> _Record excerpts_
____

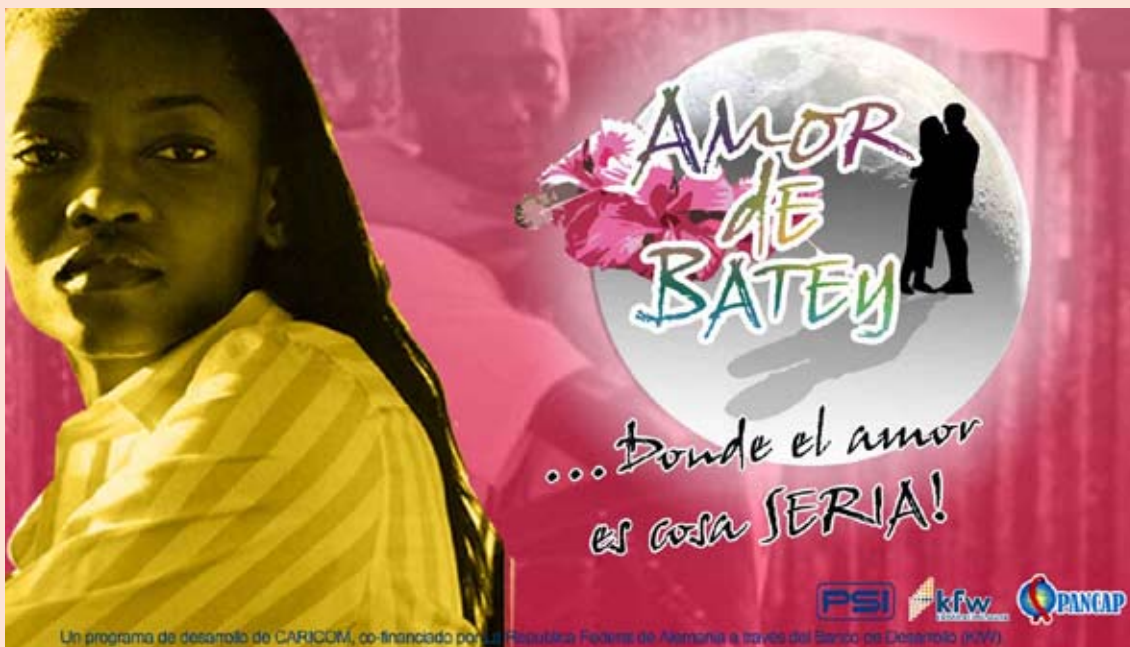
In “Amor de Batey,” Lucy finds new purpose in life and returns to school after joining a support group for people living with HIV.

The original version for television broadcast consists of five 20-minute episodes designed to fit standard half-hour television slots with room for ads for condoms and HIV-related information spots. Those five episodes have been edited and reformatted to create an educational version consisting of 12 chapters on DVD. Each of these chapters focuses on a particular issue or set of issues and is designed for use in classrooms, meetings and training workshops. The BCC guide is designed to go with these chapters and to provide further information and guidance for group discussion.
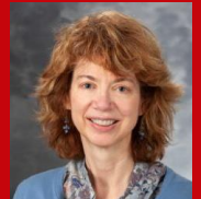
Green Bay Veterans Administration Health Care Center
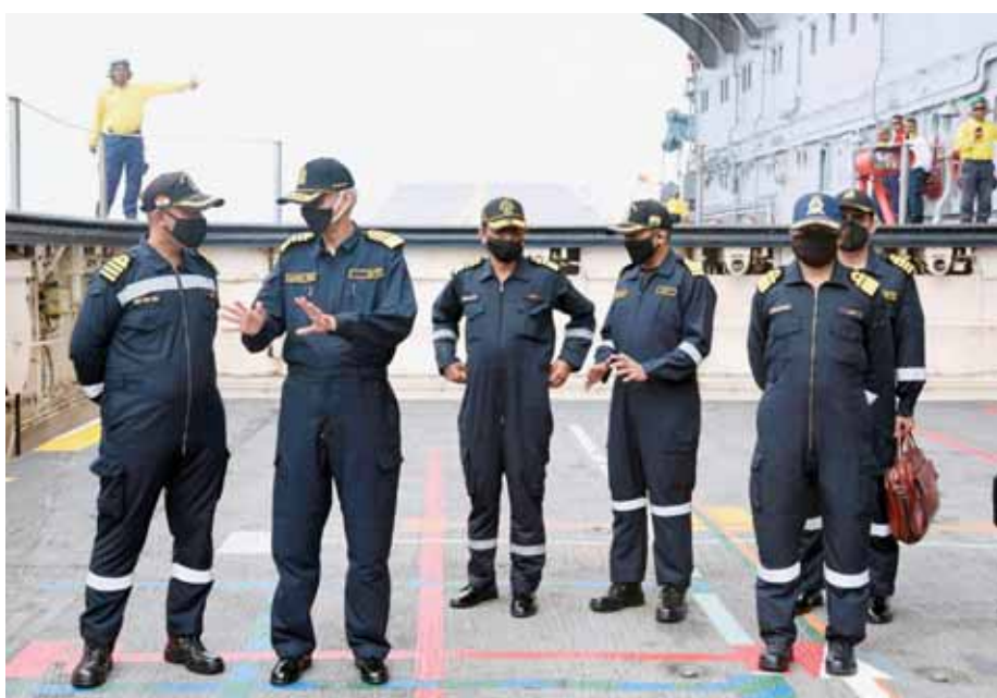
Admiral Karambir Singh (2nd L), the Chief of the Naval Staff (CNS), while reviewing the operational preparedness and combat readiness of the Indian Navy's principal combatants on Thursday

BJP leader Varun Gandhi took to Twitter and wished the Home Minister on his birthday: "Shri @AmitShah Ji's life has been one of great त्याग and tapasya towards making India prouder, stronger & more self-reliant. He is a perfect mix of tradition & modernity. May all divine blessings protect him & fill his path with happiness & peace. Happy birthday, Sir."

____

> _Task description_
Copy each line of the material above exactly, but not the images.

> _Solution to the problem_
In “Amor de Batey,” Lucy finds new purpose in life and returns to school after joining a support group for people living with HIV.

The original version for television broadcast consists of five 20-minute episodes designed to fit standard half-hour television slots with room for ads for condoms and HIV-related information spots. Those five episodes have been edited and reformatted to create an educational version consisting of 12 chapters on DVD. Each of these chapters focuses on a particular issue or set of issues and is designed for use in classrooms, meetings and training workshops. The BCC guide is designed to go with these chapters and to provide further information and guidance for group discussion.
Green Bay Veterans Administration Health Care Center
Admiral Karambir Singh (2nd L), the Chief of the Naval Staff (CNS), while reviewing the operational preparedness and combat readiness of the Indian Navy's principal combatants on Thursday

BJP leader Varun Gandhi took to Twitter and wished the Home Minister on his birthday: "Shri @AmitShah Ji's life has been one of great त्याग and tapasya towards making India prouder, stronger & more self-reliant. He is a perfect mix of tradition & modernity. May all divine blessings protect him & fill his path with happiness & peace. Happy birthday, Sir."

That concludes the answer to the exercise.